JJ Jackson, MA, NCC, LCPC, LPC (he/him/his)
PhD Student, University of Rochester, School of Nursing
Years as an ANAC member: 1
ANAC committee: DEI
Why is Black History Month and National Black HIV/AIDS Awareness Day important?
National Black HIV/AIDS Awareness Day is a call to action—it’s a moment to center the realities of HIV in Black communities, acknowledge the resilience of those affected, and confront the systemic barriers that continue to drive disparities. It’s also about honoring the legacy of Black activists, researchers, and healthcare providers who have fought for equity in HIV prevention and care. For me, it reinforces the need to move beyond awareness into structural change—ensuring that care is not just available, but affirming, accessible, and free from stigma. The sexual health of Black communities is a global priority, and raising awareness within the context of sexual health and HIV is the first step toward galvanizing overdue equity, responsive interventions, and the alleviation of disparities. It’s a reminder—and a call to action—for me and others to reenergize our work.
Why did you join the fight to end HIV/AIDS?
I stepped into this fight at a crossroads of personal experience and professional insight. Seeing firsthand how Black and Hispanic sexual and gender minorities face challenges in accessing quality HIV care—challenges rooted in trauma, social determinants, and systemic gaps—I realized this isn’t just about medicine; it’s about justice. This fight became deeply personal for me because I know it from both sides: as someone who’s navigated the system as a consumer and as a professional committed to change. I’m determined to reshape policies, case management, and provider practices so that they empower rather than hinder access to care. Ending HIV/AIDS is more than a science problem—it’s a call for fairness and dignity in every step of care, and that’s where my fight begins. I’m excited about the robust and groundbreaking work already underway in sexual health and HIV, and I’m eager to contribute to those efforts.
Who/what inspires you?
I’m inspired by the resilience of the Black and Brown communities that continue to push forward despite systemic inequities. I’m also inspired by the visionaries in the field—those who refuse to accept the status quo and dare to reimagine what HIV care could look like. But most importantly, I carry deep gratitude for my earliest clients—the ones who trusted me as I was finding my footing in sexual health work. Their stories, struggles, and triumphs shaped the way I approach this work, reminding me that behind every policy, intervention, and statistic are real people navigating real challenges. They inspire me to keep pushing for a system that truly meets their needs.

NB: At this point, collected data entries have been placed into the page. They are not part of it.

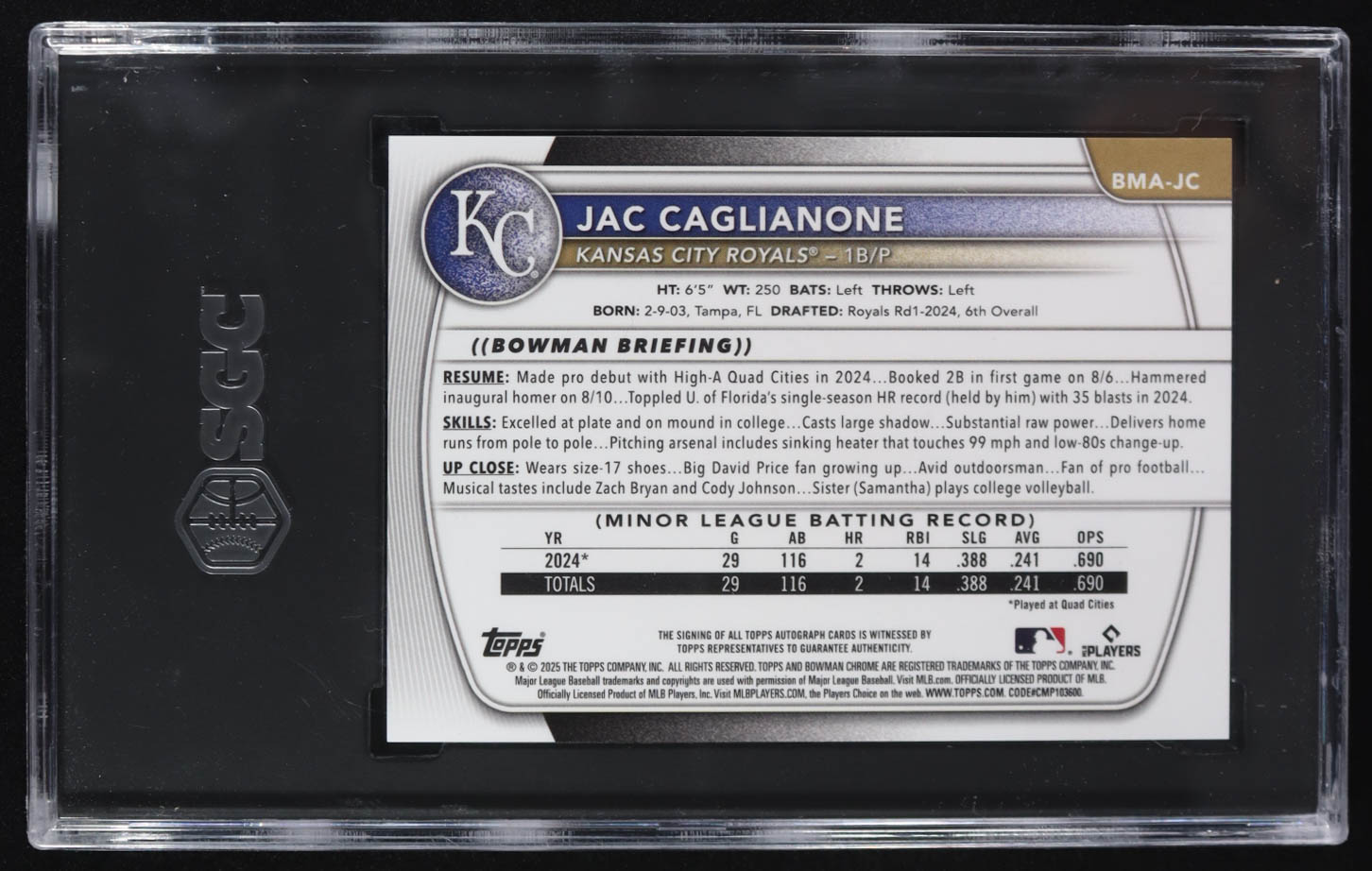 Jac Caglianone 2025 Bowman Chrome Mega Box Prospect Autographs #BMAJC RC (SGC 10 | Auto Grade SGC 10)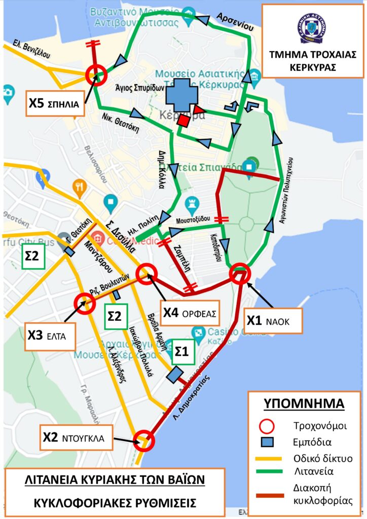 H Διεύθυνση Αστυνομίας Κέρκυρας και το Τμήμα Τροχαίας Κέρκυρας ανακοίνωσε τις κυκλοφοριακές ρυθμίσεις στην Πόλη της Κέρκυρας κατά τη διάρκεια της Λιτάνευσης του σκηνώματος του Αγίου Σπυρίδωνα, την Κυριακή των Βαΐων.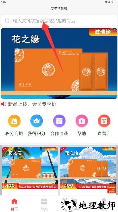 3、在首页商城顶部搜索栏输入商品名称或相关关键词,搜索需要的商品进行浏览。
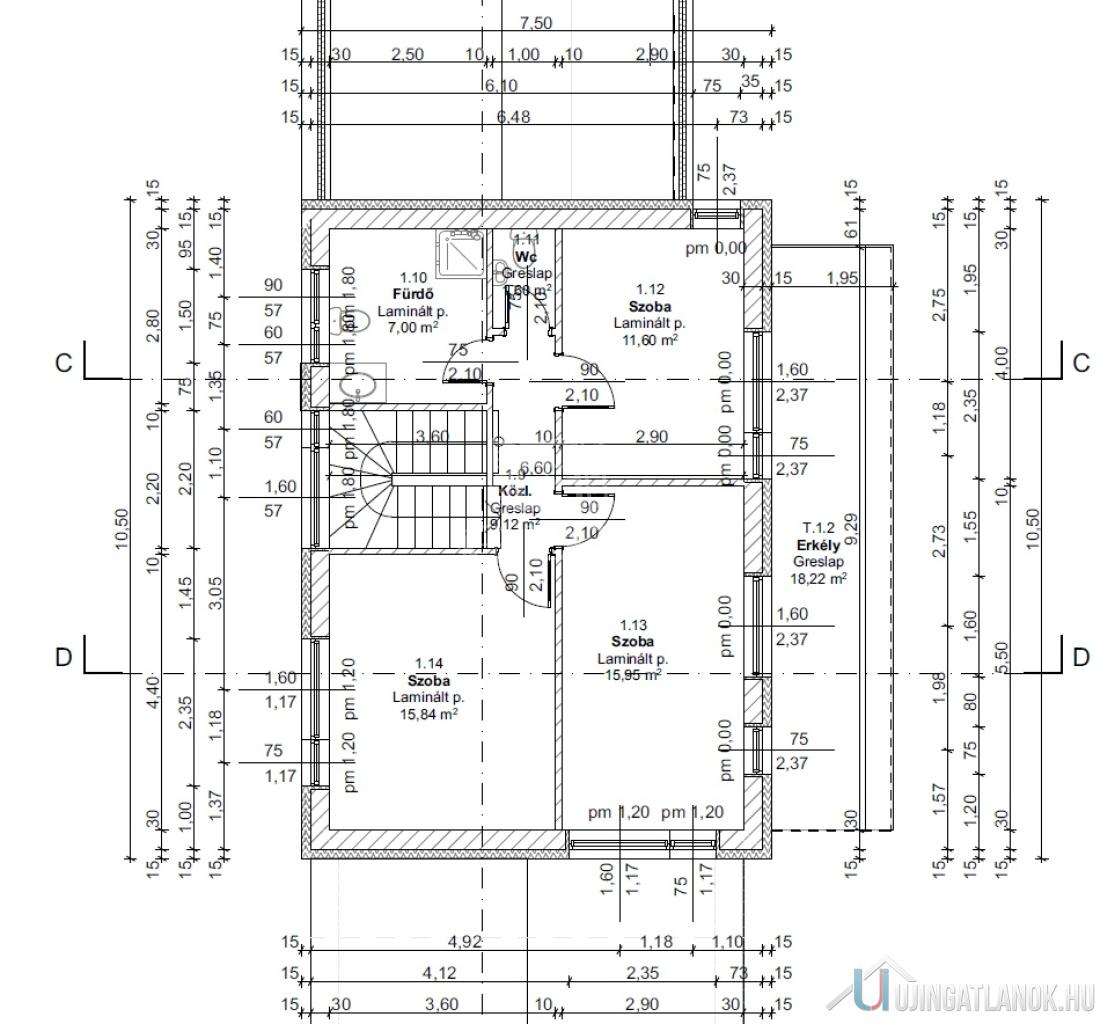 Fűtés: hőszivattyús padlófűtéssel, igény esetén mennyezeti hűtéssel, áramellátás: H tarifa igényelhető

What is something you learned in the last month?
This past month, I’ve been reflecting on how provider autonomy support—or lack thereof—shapes the way Black and Hispanic men engage in HIV care. Through the lens of Self-Determination Theory (SDT), I’m realizing just how critical it is to foster autonomy, competence, and relatedness in patient-provider interactions. When providers create space for patients to feel heard, valued, and empowered in their care decisions, they’re not just offering services—they’re reinforcing the intrinsic motivation to stay engaged in care. The more we understand these dynamics, the better we can design systems that don’t just reach people but resonate with them, ensuring that care is not only accessible but also affirming and sustainable. In addition, I’m learning how to translate these insights and passions into specific research aims to secure funding—a dynamic, iterative process that reinforces the bridge between theory and practice.